5. The autonomy of ethics

The autonomy of ethics uses ‘autonomy’ in a sense not directly related to the autonomy of agents. It is the thesis that ethical principles or claims cannot be reduced to, or explained in terms of, statements containing no normative terms (see Logic of ethical discourse §§2–4). ‘Normative terms’, such as ‘ought’, ‘good’ and ‘bad’, ‘right’ and ‘wrong’, ‘just’ and ‘unjust’, are those which state the intrinsic value of, approve or recommend an action or state of affairs, or state that there is reason to perform certain actions or pursue certain ends. (They contrast with ‘descriptive terms’, which describe or report purely factual states of affairs.) The autonomy of ethics, for example, can allow claims about what is right to be explained in terms of the good (or vice versa), but holds that any such explanation of an ethical claim must use some normative language. Theorists who accept the autonomy of ethics can include intuitionists, for whom ethical statements are claims about mind-independent ethical properties, such as rightness or goodness (see Intuitionism in ethics); noncognitivists, who take ethical claims to express attitudes of approval or recommendation (see Analytic ethics); or practical reason theorists, who hold that ethical claims are based on principles of practical reason – principles which we accept in virtue of being rational (see Practical reason). Common to these theories is the view that the normative aspect of ethical discourse is not capturable in language devoid of normative terms.

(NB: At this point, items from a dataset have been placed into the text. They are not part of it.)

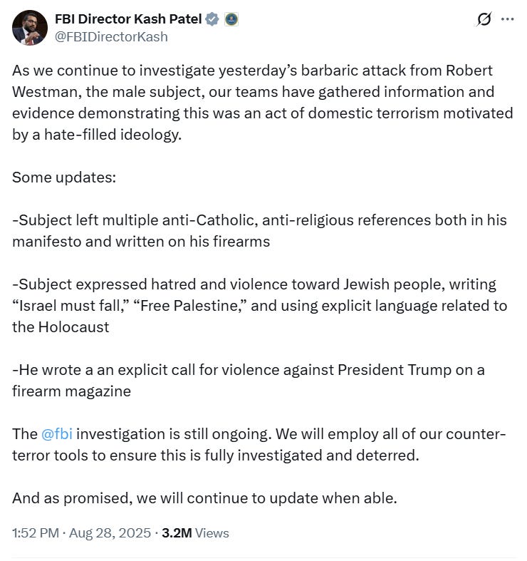 Following the shooting on August 27th, FBI Director Kash Patel shared an update on social media. He wrote, “As we continue to investigate yesterday’s barbaric attack from Robert Westman, the male subject, our teams have gathered information and evidence demonstrating this was an act of domestic terrorism motivated by a hate-filled ideology.”
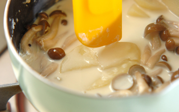 2、鍋に<クリーム>の材料、ジャガイモとシメジを入れて火にかけ、煮たったら鍋に蓋をして弱火で煮る。ジャガイモに火が通ったら蓋を外し、ゴムヘラで粗く崩しながら煮てトロミをつける。
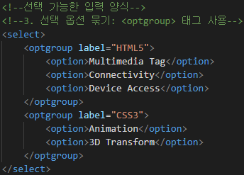 3. 선택 옵션 묶기: <optgroup> 태그 사용
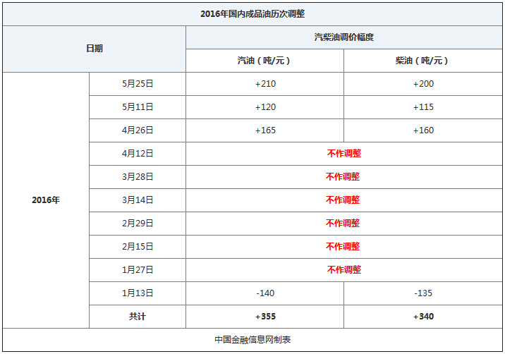 5月25日,國內成品油調價窗口開啟。國家發改委發布通知指出,根據近期國際市場油價變化情況,按照現行成品油價格形成機制,自2016年5月25日24時起,國內汽、柴油價格(標準品)每噸分別提高210元和200元。

More broadly, the autonomy of ethics includes the independence of ethical theory both from other areas of philosophy and from the natural and behavioural sciences. This does not mean that ethical theory can ignore these fields. Rather, it means that questions about the content and validity of fundamental moral principles do not depend on answers to questions of, for example, metaphysics, epistemology, or philosophy of mind, and that they are not dictated by the results of empirical inquiry. Ethical theory, as concerned with normative questions, has its own distinctive subject matter and tools of inquiry. To give one example, modern Kantians have thought that the moral principles that we accept should not be restricted by a picture of motivation derived solely from empirical inquiry, rejecting the idea that our motivational capacities can be described without any reference to normative principles. If we can be motivated by our acceptance of moral principles, then certain motivational states can be described only by reference to the reasoning that underlies them. Moral theory is then required for insight into certain of our motivational capacities (see Rawls 1975, 1993; Nagel 1970).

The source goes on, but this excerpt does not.